Внезапно внизу послышался громкий разговор. Жуфисма в чем-то убеждала настойчивого мужчину, голос которого показался ей чем-то знакомым. Потом всё стихло, и Андэль вернулась к поэтической строчке, на середине которой застыл ее палец. Но вот дверь приоткрылась, и заглянула Каруду. Она была несколько смущена и взволнована, щеки ее горели.
– Что случилось? – спросила затворница с книгой в руках.
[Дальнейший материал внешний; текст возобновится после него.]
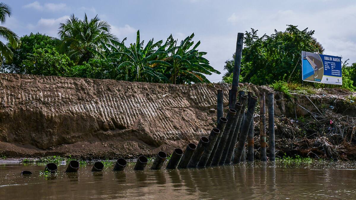 Desde una lancha sobre el río se aprecia además decenas de pilotes de hierros grandes derribados. 'Esos los pusieron solo hace 8 días y ya se cayeron', dice el conductor de la embarcación.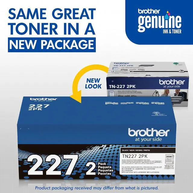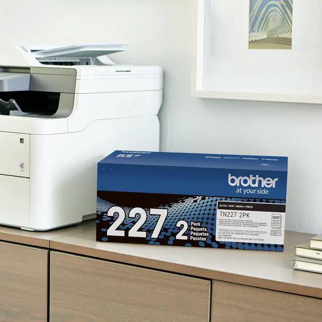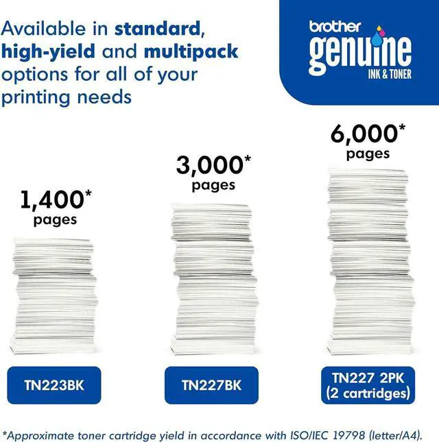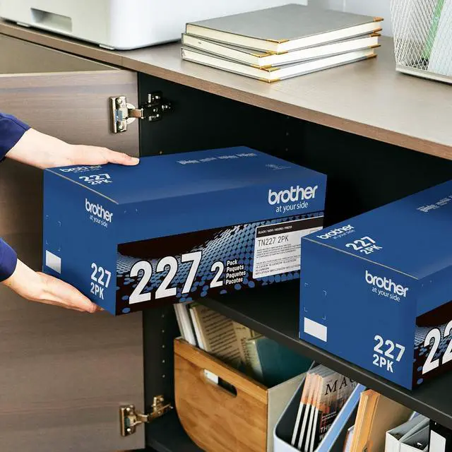 Brother Genuine high-yield Black toner cartridge Twin pack TN227 2pk: contains two TN227 Black laser toner cartridges that deliver Professional laser Print quality for up to 3, 000 pages per cartridge) and up to 6, 000 total pages.(1)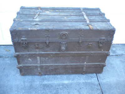 Title (ebay affiliate link): ANTIQUE 1890'S STEAMER TRUNK CHEST WOOD METAL LEATHER AND CANVAS CONSTRUCTION
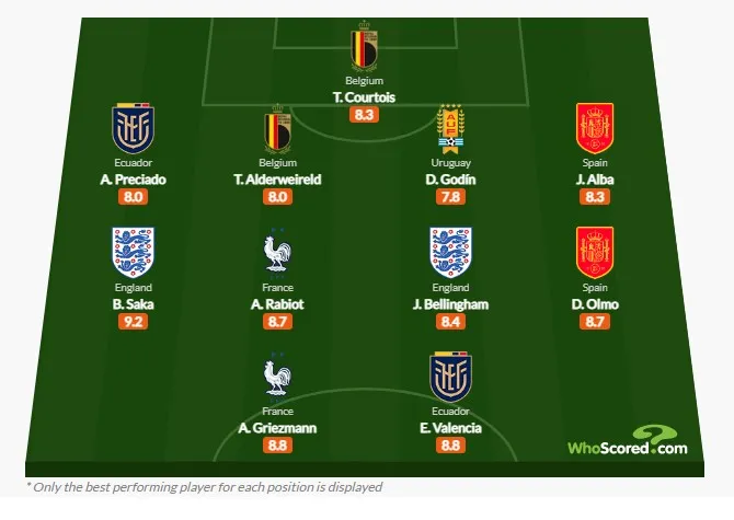 Букайо Сака зі збірної Англії отримав найвищу оцінку серед всіх гравців – 9,2. І він розмістився на правому фланзі півзахисту. А в центрі півзахисту – його партнер Джуд Беллінгем, який першим відзначився у матчі проти збірної Ірану.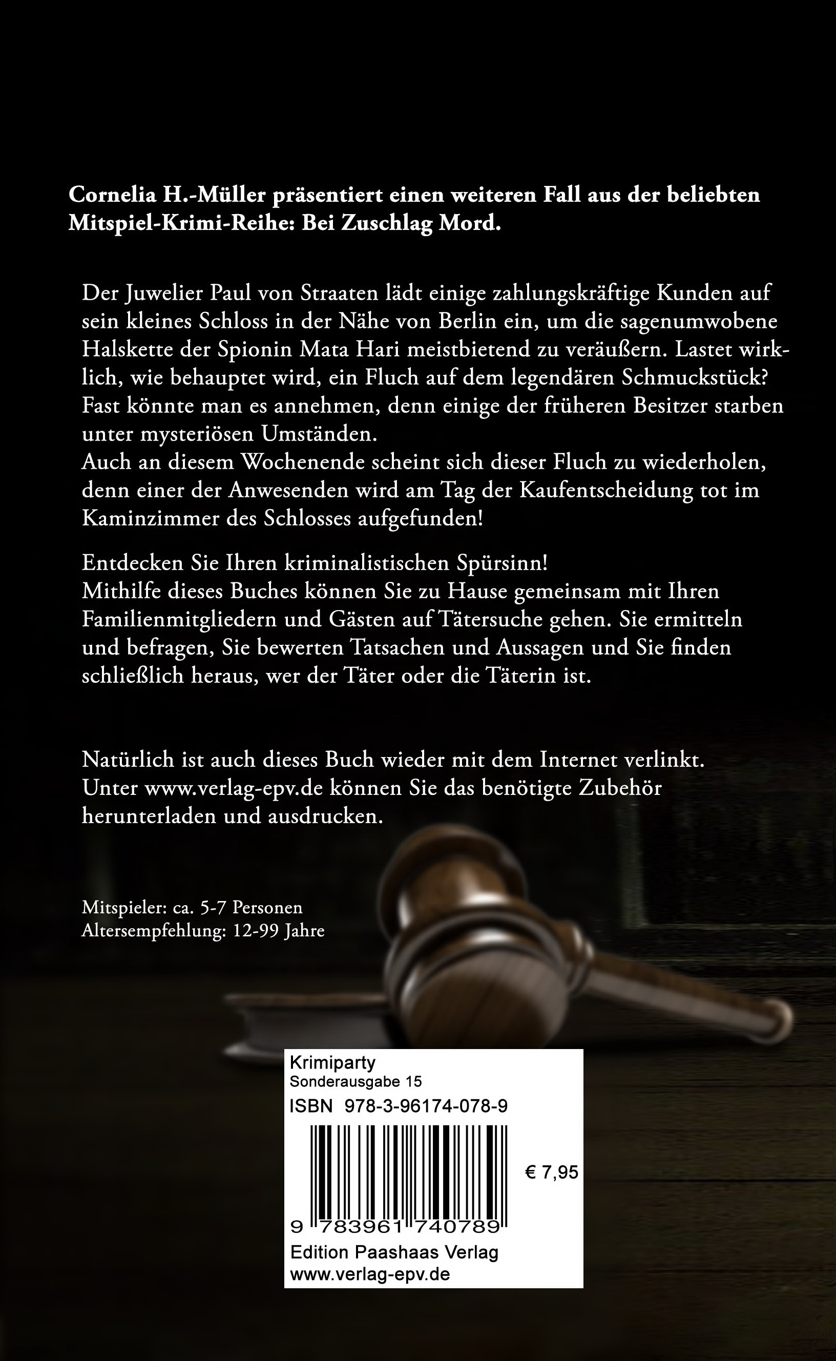Cornelia H.-Müller präsentiert einen weiteren Fall aus der beliebten Mitspiel-Krimi-Reihe: Bei Zuschlag Mord.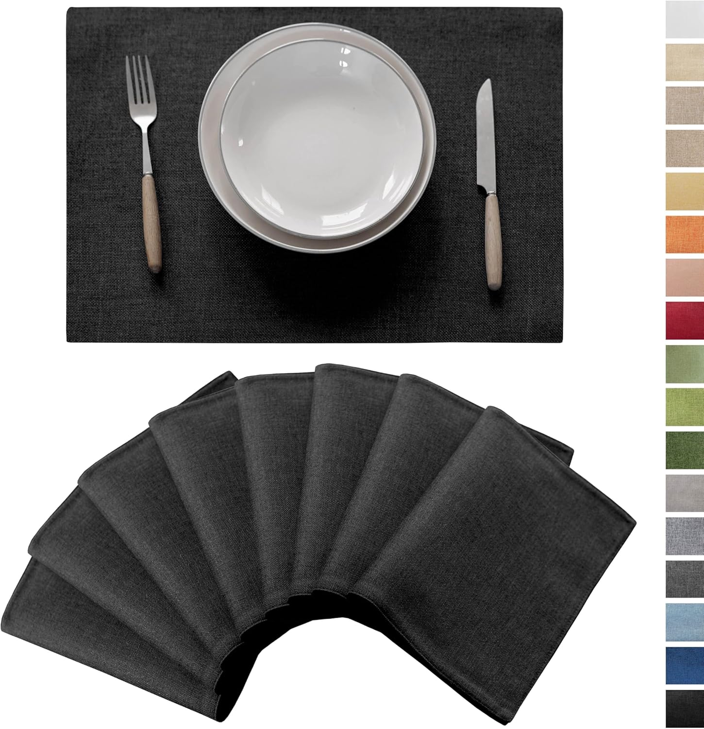 Demetex Black Cloth Placemats Set of 8 Wipeable Classic Place Mats Heat Resistant Table Mats for Dining Room Kitchen Tables, 13x19 inch, Black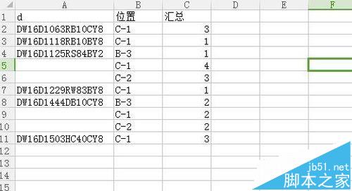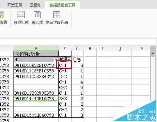 5、得到的数据透视表如图,显示的每个物料号(d)在每个位置的汇总,但是因为我们要进行后续工作,所以不能显示每个分类的汇总。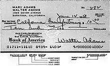 The trial of MICR E-13B font was shown to the American Bankers Association (ABA) in July 1956, which adopted it in 1958 as the MICR standard for negotiable documents in the United States. ABA adopted MICR as its standard because machines could read MICR accurately, and MICR could be printed using existing technology. In addition, MICR remained machine readable, even through overstamping, marking, mutilation and more. The first cheques using MICR were printed by the end of 1959. Although compliance with MICR standards was voluntary in the United States, it had been almost universally adopted in the United States by 1963.[16] In 1963, ANSI adopted the ABA's E-13B font as the American standard for MICR printing,[17] and E-13B was also standardized as ISO 1004:1995.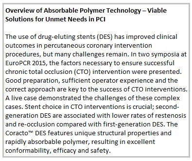 Although the latest polymeric drug-eluting stents (DES) have enhanced percutaneous coronary intervention (PCI) procedures, a substantial proportion of patients requiring percutaneous transluminal coronary angiography (PTCA) is elderly with numerous different comorbidities. This population requires use of effective DES that can minimise the risk of bleeding and/or thrombosis. Two symposia were held at EuroPCR, the official congress of the European Association of Percutaneous Cardiovascular Interventions, in Paris on 19–22 May 2015, with the objectives of sharing clinical experiences in the use of absorbable polymer stents and to understand why an absorbable polymer DES may be specifically indicated in PCI subsets such as chronic total occlusions (CTOs) or tortuous coronary anatomies. To meet these clinical challenges, a novel DES was discussed: Coracto™ (Alvimedica) is a DES with a unique design that elutes sirolimus from an absorbable poly(lactic-co-glycolic acid) (PLGA) polymer.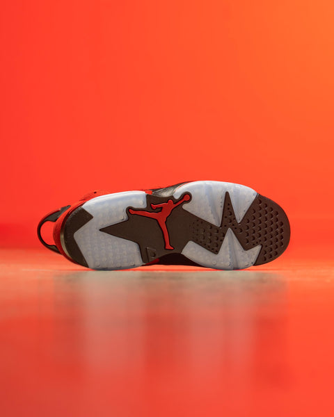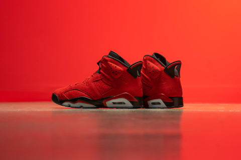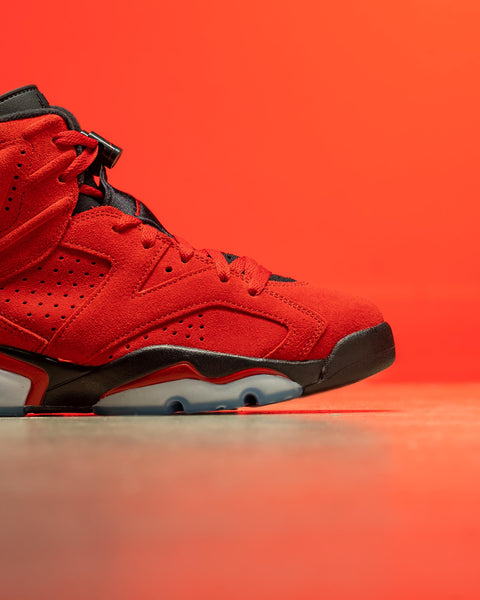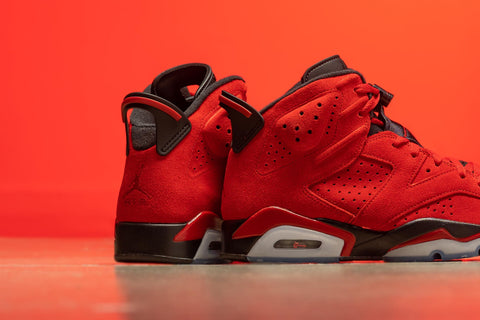 THE FAN-FAVORITE AIR JORDAN 6 'TORO', FROM 2009'S 'RAGING BULL' PACK, IS FINALLY SEEING ITS SUCCESSOR RECEIVE THE SAME ICONIC RED SUEDE MAKEOVER. A UNIQUE HOMAGE TO MJ'S CHICAGO BULLS, THIS RENDITION OF THE AJ6 SEES THE ENTIRETY OF ITS UPPER CONSTRUCTED FROM PREMIUM SUEDE WITH A HOT RED FINISH. THE TONGUE, COLLAR LINING, AND MIDSOLE SERVE TO CONTRAST THE UPPER IN A SLEEK BLACK HUE, WHILE AN ICY TRANSLUCENT OUTSOLE SITS UNDERNEATH.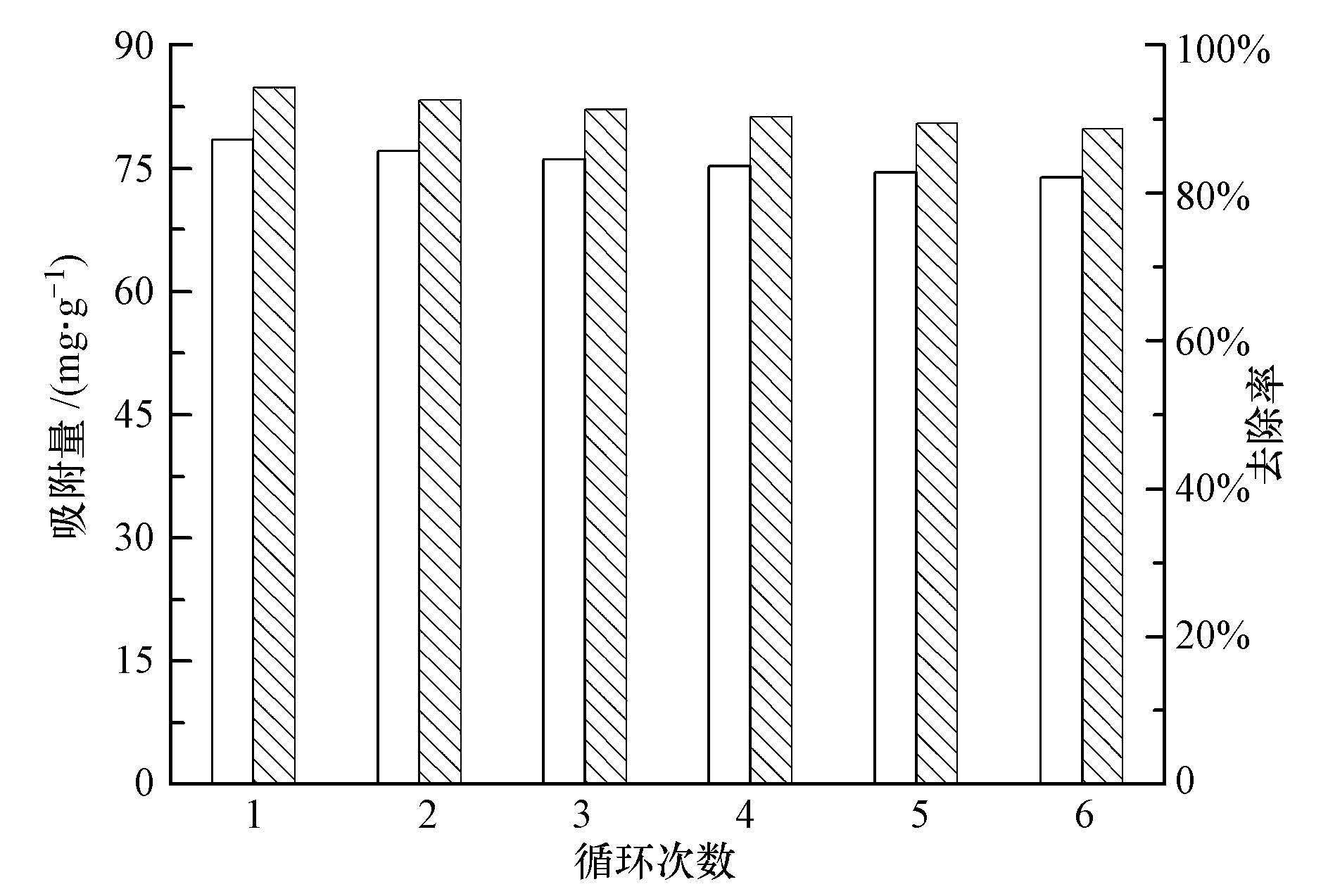 往裝有吸附飽和的吸附劑的碘量瓶中加入25 mL 2 mol·L-1的NaOH溶液,在60 ℃水浴條件下振蕩120 min后取出,靜置,脫附完后采用離心洗滌的方法用去離子水將吸附劑洗至中性,在60 ℃下干燥至恒重并經研磨、過篩后用于下一輪吸附-脫附實驗.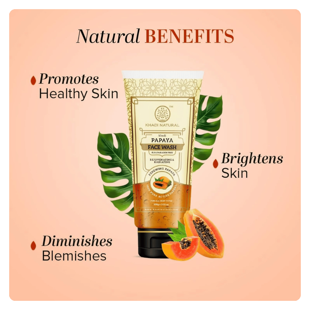 Khadi Natural Papaya Face Wash is a pure herbal formula crafted to brighten and rejuvenate your skin naturally. Enriched with the goodness of Papaya Extracts, it gently removes dirt, impurities, and dead skin cells while improving skin texture and clarity.

– Странное дело, – ответила Каруду, – Жуфисма просит тебя принять в виде исключения десятника Белой либеры… Удивительно, может быть, она что-то разузнала о Туртюфе?.. Десятник-то молодой и из себя не урод, – продолжала она. – К тому же весь в наградах. Наверное, и кошель полон… Ты, Андэль, лучше откажись: ты не обязана принимать посетителей. К тому же, если Туртюф узнает, всем несдобровать. А так, глядишь, он мне достанется. Я уж постараюсь. То-то я проверю, какой из него телохранитель Инфекта! – засмеялась девушка. – Так что ответить Жуфисме?
Андэль закрыла книгу.
– Передай Жуфисме, что я в полном ее распоряжении и готова без промедления исполнять любые ее приказы, а также любые приказы тех людей, на которых она укажет.
Каруду кивнула головой, нисколько не удивившись такому ответу, и немедленно удалилась. Андэль же расстегнула фибулу своей красной плавы из легкого приятного на ощупь полотна, которую обычно носила между свиданиями с Туртюфом, скинула ее, и нарядилась в тонкие изящные одежды. Она умастила себя благовониями, надела украшения, не забыв подарок Туртюфа – золотое ожерелье с тяжелой подвеской в виде Хомеи, и поднялась на хирону. Там ее уже дожидался блистательный белоплащный воин в золотых доспехах, в наградах, при мече Славы и боевом кинжале, с хвостиками десятника на правом плече. Он был высок и худ, густые волосы цвета пшеничного зерна, только темнее, аккуратно обрезанные по последней грономфской моде, обрамляли его загорелое мужественное лицо.